> **Your goal**: The required output is the line containing "Slika 53. Upor stražnji" through the final line of the material below, printed exactly, with no other lines.

> **Raw data**:
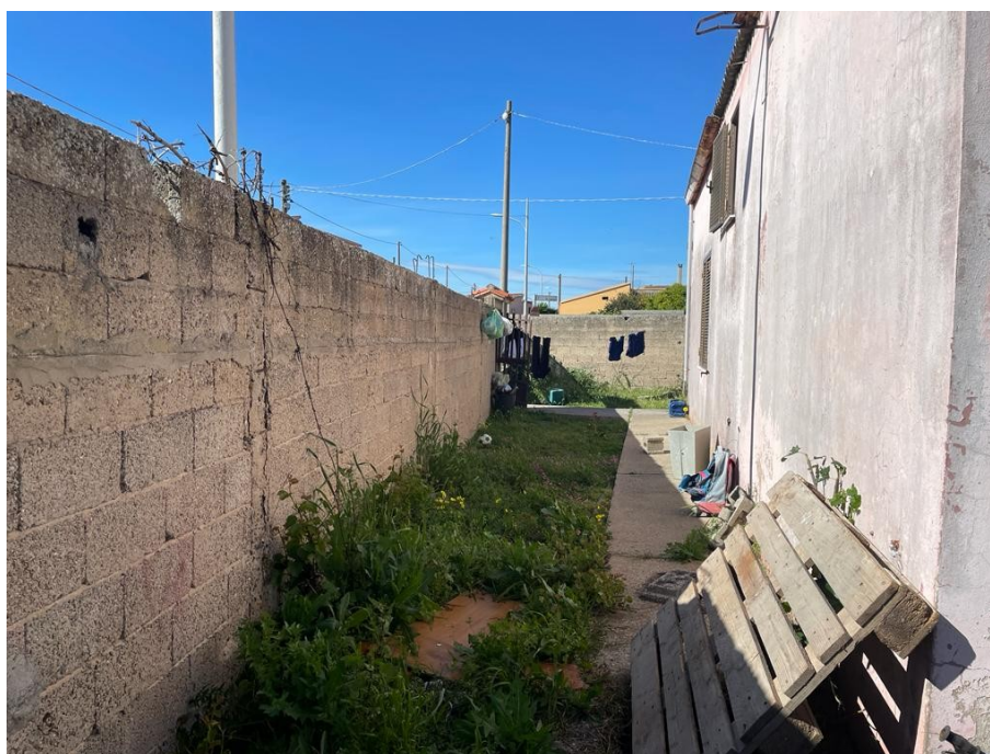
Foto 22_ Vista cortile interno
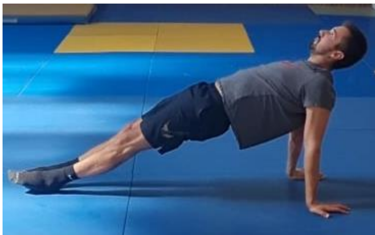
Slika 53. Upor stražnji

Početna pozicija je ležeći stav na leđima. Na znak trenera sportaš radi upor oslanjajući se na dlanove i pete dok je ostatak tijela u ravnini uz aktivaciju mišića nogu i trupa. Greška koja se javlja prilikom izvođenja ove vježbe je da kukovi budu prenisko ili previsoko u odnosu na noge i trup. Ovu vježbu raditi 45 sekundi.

> **Task answer**:
Slika 53. Upor stražnji

Početna pozicija je ležeći stav na leđima. Na znak trenera sportaš radi upor oslanjajući se na dlanove i pete dok je ostatak tijela u ravnini uz aktivaciju mišića nogu i trupa. Greška koja se javlja prilikom izvođenja ove vježbe je da kukovi budu prenisko ili previsoko u odnosu na noge i trup. Ovu vježbu raditi 45 sekundi.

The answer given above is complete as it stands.